When journalist Gaar Adams moved to the Gulf States — where penalties for queer acts include deportation, imprisonment, torture and death — he arrived with what seemed like a simple question: Isn’t it harder for you to make a life here? Over a decade of risky reporting, he discovered thriving clandestine queer communities across the UAE, Bahrain, Oman and Saudi Arabia, in a region where four out of five residents are migrants with no path to citizenship.
In “Guest Privileges,” Adams weaves an intimate memoir with unprecedented reportage, documenting secret drag parties thrown by Filipino salon workers, parkour athletes cruising the Corniche promenade after midnight and a Pakistani wrestler in love with his coach. As he begins his own clandestine relationship, Adams confronts his Western assumptions about where queer joy and belonging are possible.
This widely acclaimed memoir challenges readers to reconsider what home means — not as a fixed place, but as community forged against impossible odds.

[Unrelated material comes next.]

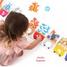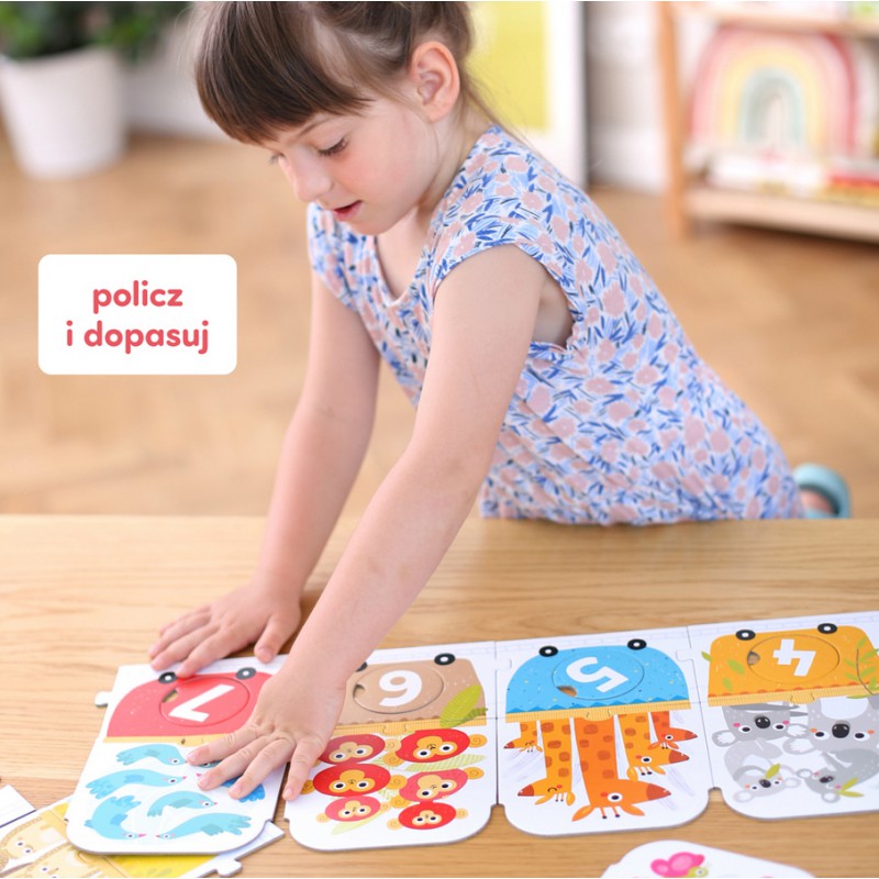 Przedszkolak interesuje się otaczającym go światem i zadaje mnóstwo pytań. Jest gotowy na nowe wyzwania, na przykład na zabawy z liczbami! Ułóżcie wspólnie puzzlowy pociąg. Policzcie podróżników, nazywajcie zwierzątka, kolory i cyfry. Następnie dopasujcie kółeczka z liczbami do odpowiednich dziurek. Może posadzicie pasażerów w dowolnej kolejności, a następnie na nowo dopasujecie liczby? Aby podsunąć wam pomysły na edukacyjne zabawy, do puzzli dołączyliśmy poradnik ze scenariuszami zabaw. Możecie je łatwo dostosować do wieku i umiejętności dzieci.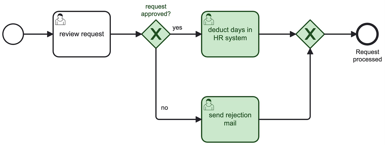 The process also supports an update of an external system. Even though it is a manual task, the model makes this step visible for the reader: “In case of approval, the HR system has to be updated with the vacation days left for the employee.”

‘elseship: an unrequited affair,’ Tree Abraham

You know that feeling when you fall for someone who doesn’t feel the same way, but somehow you both decide to keep going anyway? Writer and book designer Tree Abraham lived that reality when she fell in love with her housemate — and then did something most of us wouldn’t. She documented the entire messy, beautiful year that followed.

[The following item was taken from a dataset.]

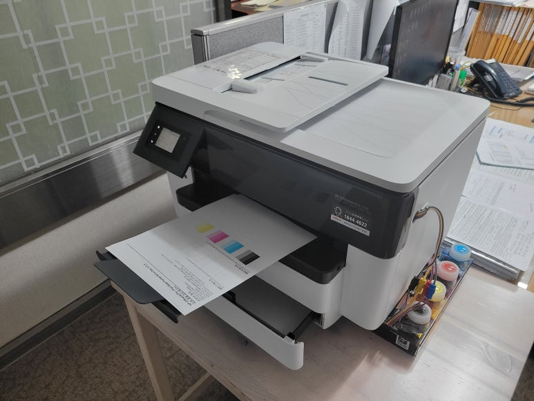 서울 양천구 소재, 무역물류 세관관련 사무실에서 스캔, 복사, 팩스 및 문서출력용으로 사용중인 HP 오피스젯 프로 7740 무한잉크 팩스복합기인데 소모품 시스템 문제로 출장수리 요청하여 스케줄 잡아 이동, 출장수리 완료했습니다.
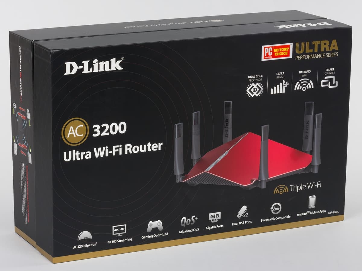 В этом материале мы рассмотрим занимающую верхнюю позицию в линейке модель D-Link. DIR-890L был анонсирован в начале этого года на CES 2015. Второе его название — AC3200 Ultra Wi-Fi Router. Также в серию вошли еще две модели, DIR-895L и DIR-885L, которые производитель относит к классам AC5300 и AC3100 соответственно. Кстати, для них заявлена поддержка MU-MIMO, так что будет интересно протестировать ее, когда устройства окажутся доступны.

“elseship” is an experimental nonfiction work that turns heartbreak into art. Abraham, who identifies as queer and asexual, recorded her experience in real time, then wove those raw entries together with illustrations, photographs, old receipts and mind maps. She organized everything within the eight ancient Greek categories of love (eros, agape, philautia, ludus, philia, mania, pragma and storge) creating a framework for feelings that refuse to fit into boxes.
This is a book about what exists in the spaces between friendship and romance, about relationships that don’t have names but feel just as real. Abraham’s background as an art director shows in her inventive approach, making “elseship” both deeply personal and visually striking. Perfect for anyone who’s ever been caught in a complicated “ship” that defied definition.
‘All Parts Welcome: The Queer and Trans Internal Family Systems Workbook,’ Sand C. Chang

You’ve probably seen Internal Family Systems therapy all over your social feeds lately — and there’s good reason for the buzz. IFS, which views the mind as containing multiple “parts” (like an inner critic, a protector or a wounded child), has resonated with millions seeking to understand their internal conflicts. Now there’s a workbook specifically designed for queer and trans people.
“All Parts Welcome” by Sand C. Chang offers a compassionate guide to IFS techniques tailored to LGBTQ+ experiences. Chang, a nonbinary, queer clinical psychologist and certified IFS therapist, helps readers build self-compassion while honoring the complexity of intersecting identities — race, ethnicity, religion, class, ability, sexuality and gender expression. The workbook includes meditations, reflections and guided prompts for befriending the parts of yourself you’ve lost touch with.
As Richard Schwartz, developer of IFS, notes in his foreword, queer and trans people often carry “exiles” — wounded parts created by a culture that has marginalized or persecuted them. This workbook offers tools for welcoming all those parts back home.